Why is this happening? The simplest explanation is that the demand for energy is currently exceeding supply, which makes prices rise. The reasons for this mismatch are many — including extreme and unpredictable weather, as well as bad government decisions about storage, reserves and transmission lines — but there is one common cause. Much of the world has stopped investing in fossil fuels (for good reasons), which has led to less supply of them. But we do not have sufficient green energy to replace fossil fuels today. We will, but not today.

The numbers make this plain. In 2019, over 80 percent of global energy consumption was provided by the three main fossil fuels: oil, coal and natural gas. Wind was just over 2 percent of power consumption, and solar just over 1 percent. It would require a 2,500 percent increase in production and deployment to have wind and solar fully replace fossil fuels, which is not going to happen in the next few years. What we need is a transition strategy. Without it, every time there is a shock to the system — bad weather, poor storage — we will face an energy crisis.

Modern societies cannot run without steady access to energy, so when these shocks are felt, governments do whatever it takes to keep the electricity flowing. Look at Germany, which has over decades built an extraordinary supply of renewables, but in the first half of 2021, 56 percent of its electricity came from the very sources it is trying to eliminate (like coal, gas and nuclear). Coal alone rose from 21 percent to 27 percent of German electricity production.

The contradictions of Western energy strategy are becoming almost absurd. Confronted with high gasoline prices, the Biden administration is pleading with OPEC to increase production. In other words, the United States is discouraging its own oil and gas producers from increasing production while urging Arab countries to “drill, baby, drill.” Europeans are hoping Russian President Vladimir Putin will pump more natural gas to their countries even while they discourage gas production at home.

A serious energy strategy would recognize that the most important task is to reduce carbon emissions fast. In the short term, the simplest way to do this is to move from coal to natural gas, which cuts carbon emissions almost by half. In fact, most of the reduction in the United States’ carbon dioxide emissions between 2005 and 2019 was because of the switch from coal to gas, with coal being the biggest producer of carbon dioxide emissions of the three main fossil fuels.

But there is even lower-hanging fruit. The journal Environmental Research Letters did a study of more than 29,000 fossil-fuel power plants worldwide and found that just 5 percent of them were responsible for 73 percent of global emissions from electricity. We could easily pay to convert those roughly 1,400 plants and reap a huge windfall in the reduction of carbon emissions.
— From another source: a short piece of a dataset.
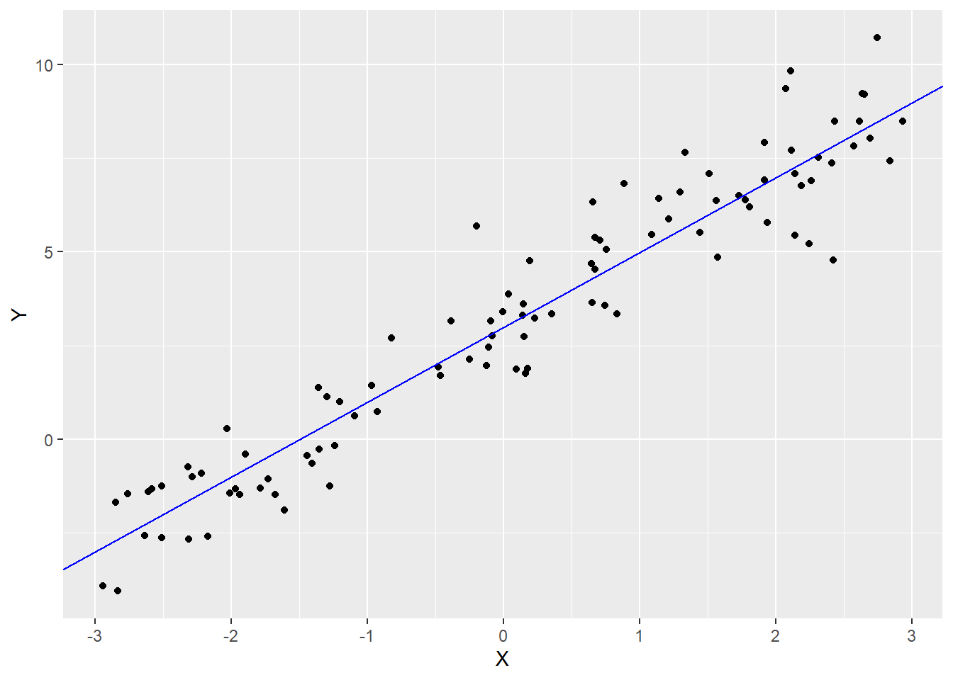 dat <- tibble(X = runif(100, -3, 3), Y = 3 + 2 * X + rnorm(100))

And the International Energy Agency estimates that over 70 percent of the methane leakage from oil and gas production can be stopped by using existing technologies.

The goal — in not just the long term, but medium term — must be to power the world with renewables. There is a lot of good news on this front. Solar and wind costs have come down dramatically and are competitive with fossil fuels. They are now easier to deploy than ever before. Storage, once the great problem with these intermittent sources, is being solved as batteries become more powerful and other storage solutions are gaining ground. We still need much larger investments in research and development in this area, but we are making real progress.

In the meantime, we still need to cut emissions today while keeping energy flowing. If not, we will face more energy shocks, which could easily develop into a backlash against green policies. And then the Democrat in the White House, Joe Biden, will begin to look a lot like his predecessor from the 1970s Jimmy Carter.